35. In view of the same default, which was marked as wilful default, having been allegedly committed by the company on the one hand and the petitioners, in their capacity as promoters/directors thereof on the other, the declaration of wilful defaulter in respect of the company and that of the directors/promoters could not be segregated, since the root cause is the same default. Once the default itself is resolved through a Corporate Resolution Process and the 13 company is itself absolved from such tag by its merger with a different company, the default cannot be said to continue in respect of the directors, since it has already been absolved. It was not separate causes of action, which led to the declaration of the petitioners and the PMPL as wilful defaulters, but the same alleged defaults.

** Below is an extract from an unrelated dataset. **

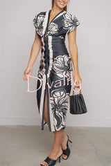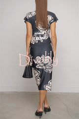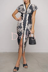 Bella contrast color unique print dolman sleeve ruched slit midi dress

36. Once the default itself goes by virtue of a corporate resolution, the 'wilful defaulter' tag of the petitioners, in the capacity of promoters and directors of such company only and not in their individual capacities, had to go. Thus, the Review Committee acted palpably without jurisdiction in refusing to withdraw the wilful defaulter tag attached to the petitioners, on an unjust and unfair basis.
37. Just as new transactions could be entered into with the assets and the goodwill of PMPL by the new company with which it merged, the petitioners should also be left free to act as directors/promoters of other companies and/or carry on their independent businesses in their individual capacities, by virtue of the resolution of the default. Since the loan giving rise to the default itself does not exist any more, neither does the default or tag of wilful defaulter associated with it.
38. Accordingly, W.P. No.24289(W) of 2019 and W.P. No.24291(W) of 2019 are allowed on contest, thereby setting aside the impugned orders dated October 25, 2019 passed by the Review Committee and declaring that the "wilful defaulter" tag of the petitioners are withdrawn. The petitioners will be at 14 liberty to participate in business activities in their individual capacities or as promoters/directors of other companies. The respondents are directed to take necessary consequential steps accordingly.
39. There will be no order as to costs.
40. Urgent certified website copies of this order, if applied for, be made available to the parties upon compliance with the requisite formalities.